Все в комнате, за исключением госпожи Шэнь (которая втайне наслаждалась горем и гневом Кэ-мина) и Чунь-лань, в тяжелом раздумье ожидали, когда заговорит Кэ-мин. Шу-хуа обуревали сложные и противоречивые чувства: она испытывала чувство удовлетворенной мести при виде горя Кэ-мина (она особенно ненавидела его из-за своей двоюродной сестры Шу-ин) и в то же время, видя беспомощное положение своего еще не старого, но уже одряхлевшего дяди, почувствовала к нему жалость.
— Кэ-мин, как ты себя чувствуешь? — тревожно спросила госпожа Чжан, напуганная его видом.

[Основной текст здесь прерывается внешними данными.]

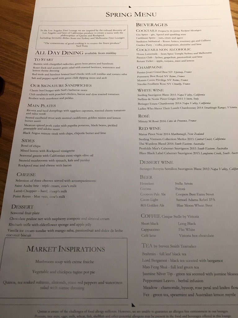 Qantas First Class Lounge Los Angels | Essen & Getränke
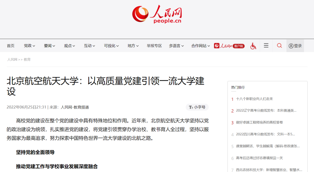 高校是培养社会主义建设者和接班人的重要阵地。长期以来,北航始终坚持为党育人、为国育才使命,着力提高人才培养能力,系统谋划和扎实推进人才培养模式改革,落实五育并举、三全育人,构建高质量人才培养体系。
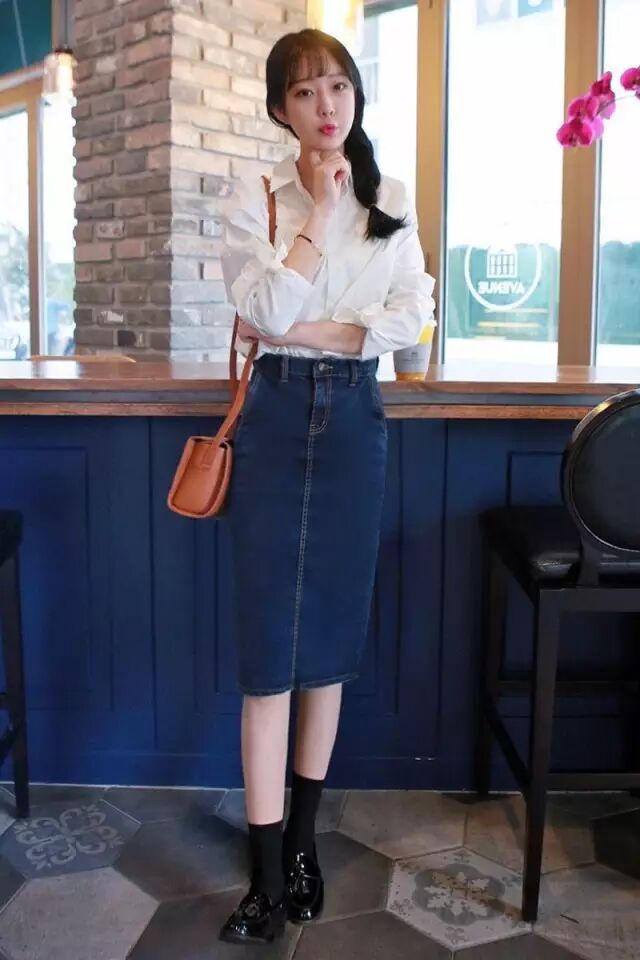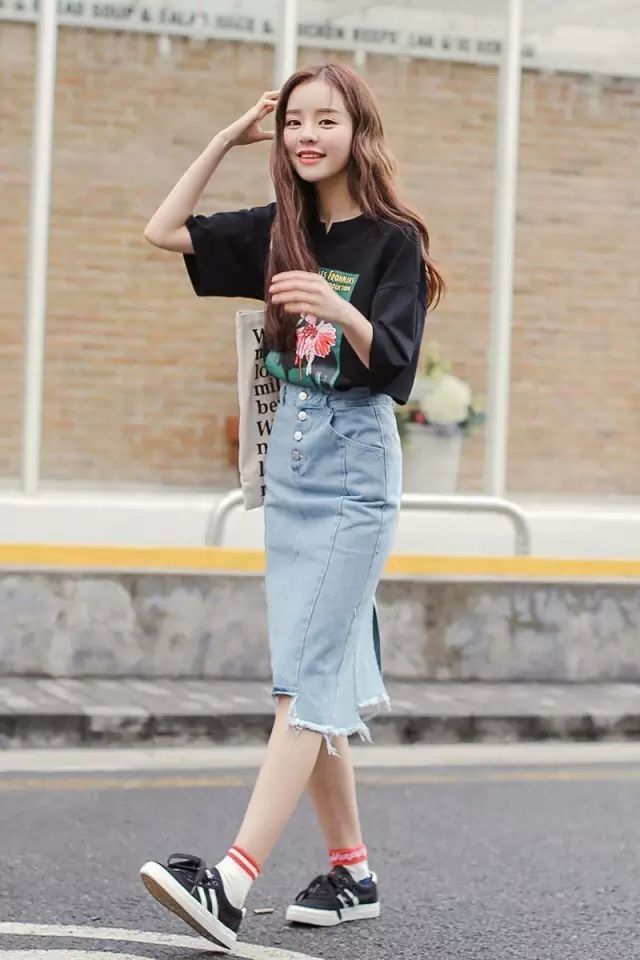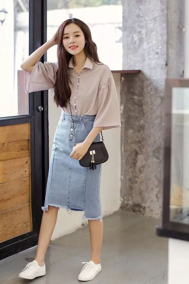 这个长度的裙子是比较难搭的 ,特别是牛仔质感,本身比较休闲的布料上衣如果搭配的太淑女,就会看起来很奇怪,所以还是以休闲、率性为主哈
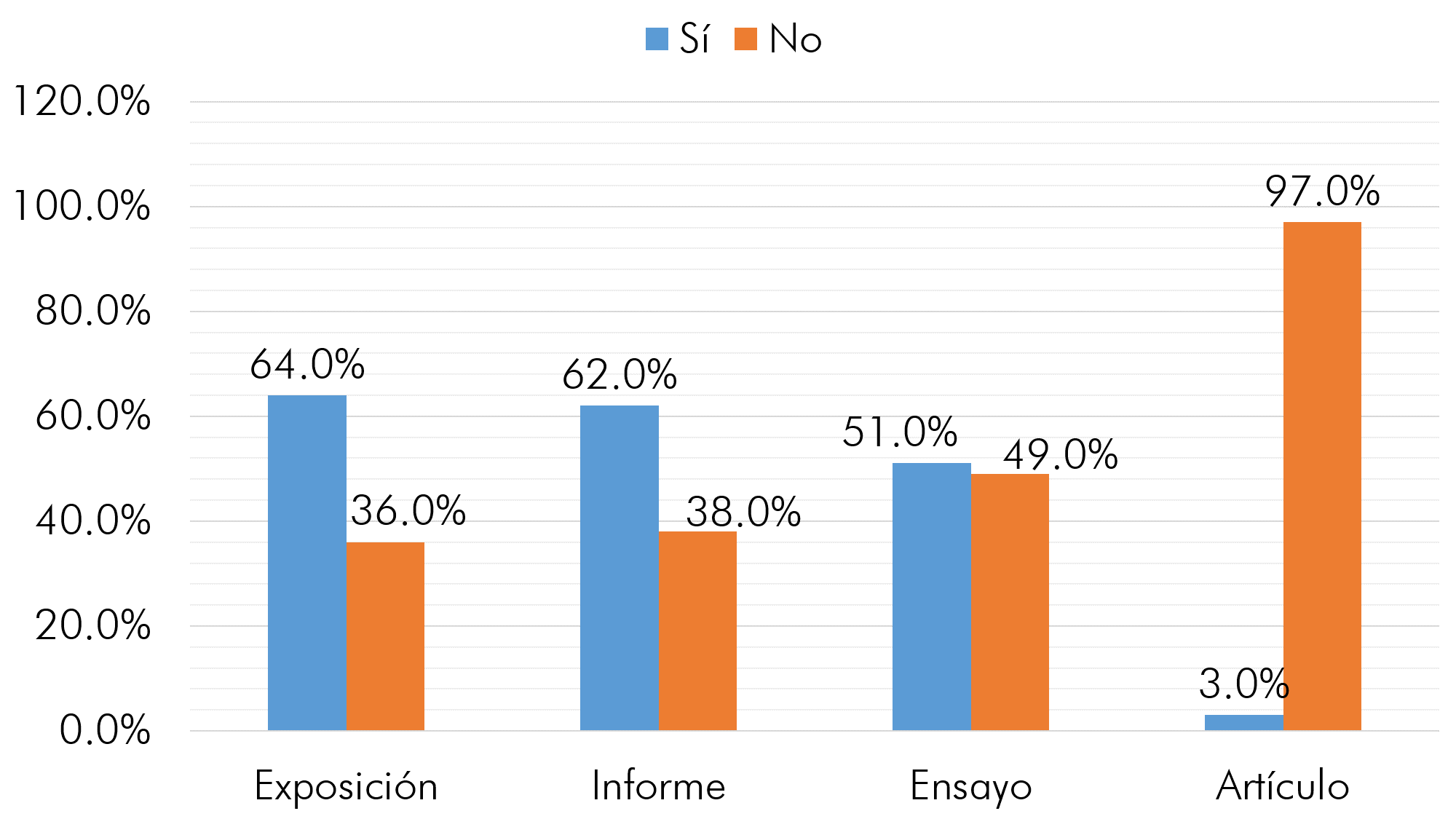 El producto que elaboran al final de la realización de una investigación, puede ser un ensayo, exposición, informe, entre otros. Según la figura 7, el 64% afirma que lo hacen para realizar exposiciones, un 62% han sido orientados a la realización de un informe de investigación, un 51% han investigado para realizar un ensayo y solo un 3% ha investigado para la elaboración de un artículo científico.

— Я убью его, — скрежеща зубами, как бы про себя пробормотал Кэ-мин. Он поднял голову, огляделся кругом и, заметив Цуй-хуань, строго приказал ей: — Принеси-ка мне палку.
Цуй-хуань покорно кивнула, но не двинулась с места. Она глядела на госпожу Чжан, не зная, как быть. Кэ-мин, видя, что она не уходит, еще строже сказал:
— Ты почему не идешь? Быстрей неси.
Цуй-хуань не посмела больше медлить и покорно вышла.
— Довел меня до белого каления, — разговаривая как бы с самим собой, сказал он. Тяжело вздыхая, он сверлил стоявшего перед ним сына гневным взглядом. Вид съежившегося и дрожащего от страха Цзюе-ина еще больше разъярил его, и он стал браниться еще сильнее: — Скотина ты этакая! Я думал, что ты прилежно занимаешься в кабинете, а ты бросил учебу и помчался творить такие гнусные дела. Ты не слушаешься! Вырос балбесом! Не желаешь учиться! Чего же ты хочешь? Безобразничать? Твое поведение приводит меня в ярость! Я забью тебя до смерти! Я убью тебя, никчемная тварь, — все больше и больше кипятился Кэ-мин, пока, наконец, не почувствовал, что голова его готова лопнуть от напряжения. В это мгновенье он увидел Цуй-хуань с палкой в руке. С криком: «Никчемная тварь», он вскочил и протянул руку за палкой: — Дай сюда!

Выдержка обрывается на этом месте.